Makers Lab has worked with Intel to test the Indus LLM on Intel® AI PCs. These devices incorporate a CPU, GPU and neural processing unit (NPU) to handle AI tasks locally and more efficiently. “We’re closely knitted with Intel, and the moment we change our model, we send it to the Intel engineering team. They test it within 24 to 48 hours and confirm it’s running right,” says Malhotra.
Results
Makers Lab wanted to ensure its solution performs well on popular benchmarks for large language models. These include Indic Eval, which assesses LLMs using Indic languages across various tasks. “Project Indus delivered competitive performance for Indic Eval, despite our model having far fewer parameters than alternative models we compared it with,” says Malhotra. “We also performed well on the ARC challenge, which measures reasoning, and Hellaswag, a sentence completion benchmark.”

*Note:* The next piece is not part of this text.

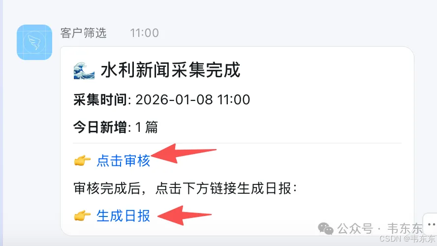 服务器部署之后,采集脚本由 crontab 定时触发,每天早上自动运行。采集完成后钉钉会推送一条消息,里面带着审核链接和生成日报的链接。对方在手机上收到通知,点击链接可以直接打开 NocoDB 进行审核,审核完再点击"生成日报"链接触发 FastAPI 端点。整个过程不需要登录服务器。

From a user perspective, other benchmarks were also important. Tokens are letter sequences that the AI model recognizes. “When you run on a CPU, the important benchmarks for us are how long it takes to get to the first output token, the delay between two tokens, the input prompt length, the output length and the total throughput. The Intel engineering team helped me because I didn’t have a way to do an oranges-to-oranges comparison,” says Malhotra.
Running on 5th Gen Intel Xeon Scalable processors, the Indus LLM processed an average of 33.9984 tokens per second.3 The total response time was between 0.249 seconds for 22 tokens and 4.27 seconds for 167 tokens.3 The average end-to-end latency was 3.07 seconds.3
Makers Lab has a range of use cases planned for Project Indus. While children often learn English at school, their thought processes for learning may be in their native language. It would be helpful for them to be able to research using their first language. “That’s one of the biggest use cases for personalized education you can give kids,” says Malhotra.
“Farmers can speak to their phone in their dialect and get advice on which pesticides to use, on which crop, in what timeframe, and what the precipitation and soil indexes are,” says Malhotra. “Mahindra Group also offers low-income finance across the country, and many queries come in in Hindi and its dialects. We’re using Indus now to automate many tasks within Mahindra Finance. Customers can speak in their dialect and resolve their problems much faster.”
Future Innovations
Malhotra is excited by the potential of the Intel AI PCs to support education. “Some kids walk a long way to school and back each day,” he says. “Imagine these kids now have an AI PC in the village community center. They can ask questions and get answers in their dialect, even though there is no representation of the topic they’re asking about in English or their dialect. You give those kids a chance to make a better life for themselves. I think that’s one of the biggest advantages of AI PCs for us.”
He adds: “AI PCs will give almost everyone a decentralized AI system in the future, helping them with any number of jobs they want to do, such as travel bookings, managing expenses, and recipes with videos and pictures.”
Tech Mahindra has also built an LLM for Indonesia, where more than 700 languages are spoken today. “Many countries are looking at the sovereignty of AI now,” says Malhotra. “Each country has different cultural biases and doesn’t want another country’s biases projected into their AI conversations.”
“For innovation, you need a lot of collaboration,” he says. “You also need to be humble. I don’t think you can be egotistical with technology. You’ve got to make hundreds of errors to get a success, so empathy toward yourself and the task at hand is important.”
Solution Spotlight
- Tech Mahindra’s Project Indus is a large language model (LLM) that processes language in Hindi, including 37 dialects.
- The LLM can be used with text input, for example, through a chatbot, or can use a voice interface.
- The solution is open source and runs on Intel AI PCs and servers without GPUs, so small businesses and individuals can easily adopt it.
- Benchmarking on 5th Generation Intel Xeon Scalable processors showed the system processes an average of 33.9984 tokens per second.3
- Applications include agriculture technology, financial advice, technology access for young people, and language preservation.